Decades ago, when she was young and fearless, her church sent her to work as a nurse in a mission station in Japan. She had a very tough time, as you can imagine, in Japan in the 1940s. She encountered racial, cultural, and political resistance to her work, to her message, and to her very reason for being there. As you probably also know, to win the people over, the missionaries, in that day, gave away free medical care, free food, and free clothing. People really took that in, but on Sundays, when they gathered for church, only two or three of the locals would show up.
She was jailed at the beginning of World War II. No one in the community around her stood up for her. After one year of deplorable treatment and abuse, she was released. She returned back to the United States, very sad, very defeated, very disillusioned.
Yet, when she returned, her church welcomed her with open arms. They held a great banquet in her honor. They provided her a home in which to live and a place to work in the church-related medical facility, right there in the community. She said, “I came back to this country thinking I was a complete failure as a missionary, but fortunately for me, the church has an odd definition of success.” I think Jesus might have said, “This was your hour to share in my glory, and you were awesome.”
Students of Franklin Delano Roosevelt generally agree. They tell me that the polio attack he suffered in 1921 literally changed his life. Some of you remember those days. They say he might have become president regardless, whether he had to surmount that obstacle or not, but it was unlikely that he would have ever become a good president, much less a great president. But in fact, before he became crippled, F.D.R. was a pretty acceptable human being, but pretty much a glad-hander and a lightweight, according to the pros. Then, of course, came the struggle to walk again, and the stark realities he had to face, and how it toughened him up. His legs withered away, but from the waist up, he became a barrel-chested man, able to swing the useless parts of his body in such a way that communicated incredible strength to all kinds of people. They said the suffering he experienced deepened his sympathy for others. Most importantly, however, that polio did not separate him from other people the way some diseases affect people. In fact, they say, it actually drove him towards other people. Isn’t that interesting? Jesus might have said, “This is your hour to share in my glory. And you were magnificent.”
Point: To greater or lesser degrees, Jesus, according to our text today, gives every single one of his followers a piece of his glory. He gives us an opportunity to do the good, the right, the loving thing even if it costs a great deal. He calls us to share in his glory and in his ministry. The promise he makes, in John, is that he is going to prepare a place just for us – a place where we can go to be with him, because we would really like to be with him, and to partake in God’s magnificent splendor forever. Isn’t that amazing?
As Scripture says, “No eye has seen; no ear has heard; no mind has even conceived of what God has prepared for those who love God.”

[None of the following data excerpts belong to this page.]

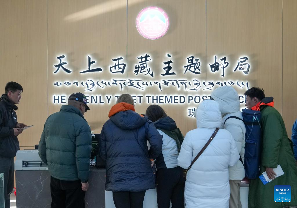 Tourists line up to buy postcards at a themed post office in a base camp of Mount Qomolangma in southwest China's Xizang Autonomous Region, May 24, 2024. The Mount Qomolangma National Park has entered peak tourism season. From Jan. 1 to May 20 this year, the Mount Qomolangma scenic spot has received about 136,000 tourists. (Xinhua/Ding Ting)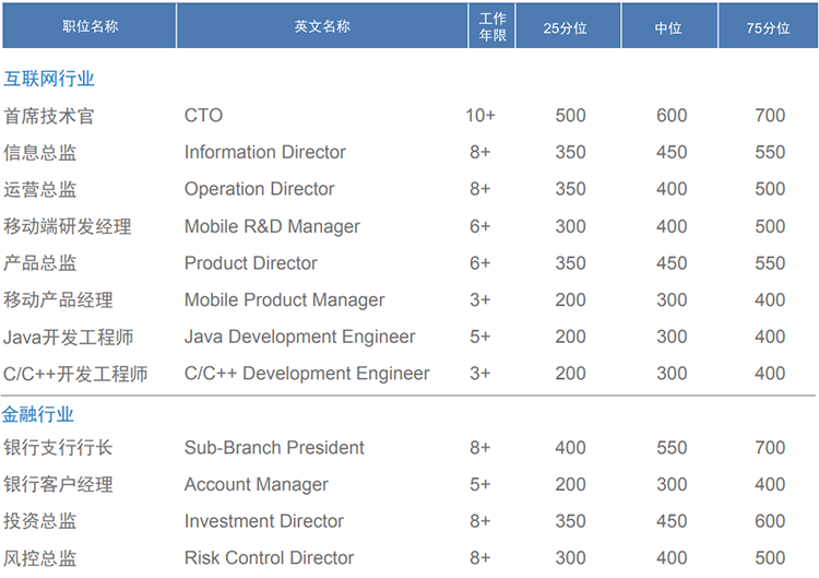 薪酬趋势:互联网行业整体涨幅15%左右。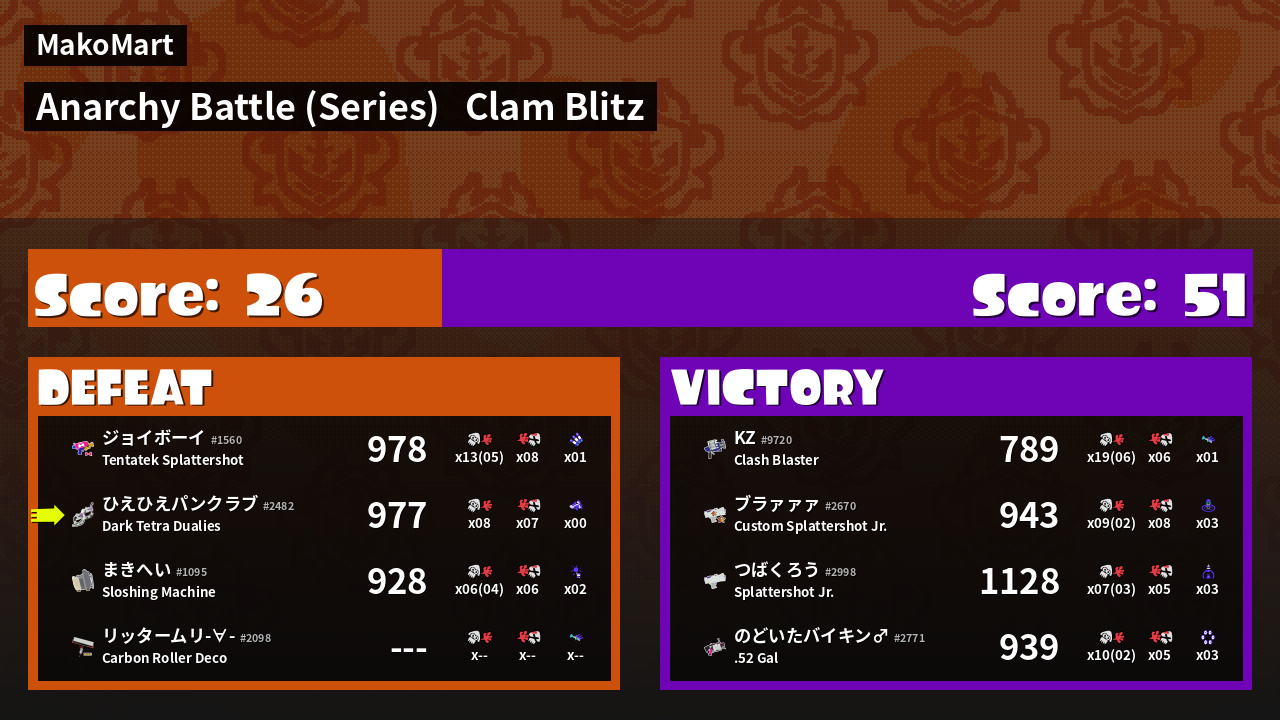 | Mode | Clam Blitz - Anarchy Battle (Series) | ||

So, let me just ask you. Have you had a moment of glory lately? Did you know what it is? Can you name it? If not, well, I ask for you to watch for it this week. I have a feeling – just a feeling – that an opportunity is going to come along for you wherever you might be this week to share a moment of God’s glory.

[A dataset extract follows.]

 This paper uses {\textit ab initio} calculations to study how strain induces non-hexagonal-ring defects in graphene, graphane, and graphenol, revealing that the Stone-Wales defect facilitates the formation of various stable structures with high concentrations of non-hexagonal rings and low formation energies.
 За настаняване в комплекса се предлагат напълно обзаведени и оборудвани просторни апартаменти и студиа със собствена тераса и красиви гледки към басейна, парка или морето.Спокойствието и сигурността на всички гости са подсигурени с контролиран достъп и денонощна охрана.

According to Paul, he encouraged all believers, “In everything you do, not just moments, but in everything you do, whatever that is, do it all for the glory of God.”
Glory. You know what? It’s really a pretty good word after all.
And all the people say… “Amen.”
Benediction
Glorious God, take us to the place where we may reside in the warmth of your love; a place where even in the darkness, there is the radiance of your grace. Thank you for being our companion and our friend. May your awesome light shine upon us, always. Amen.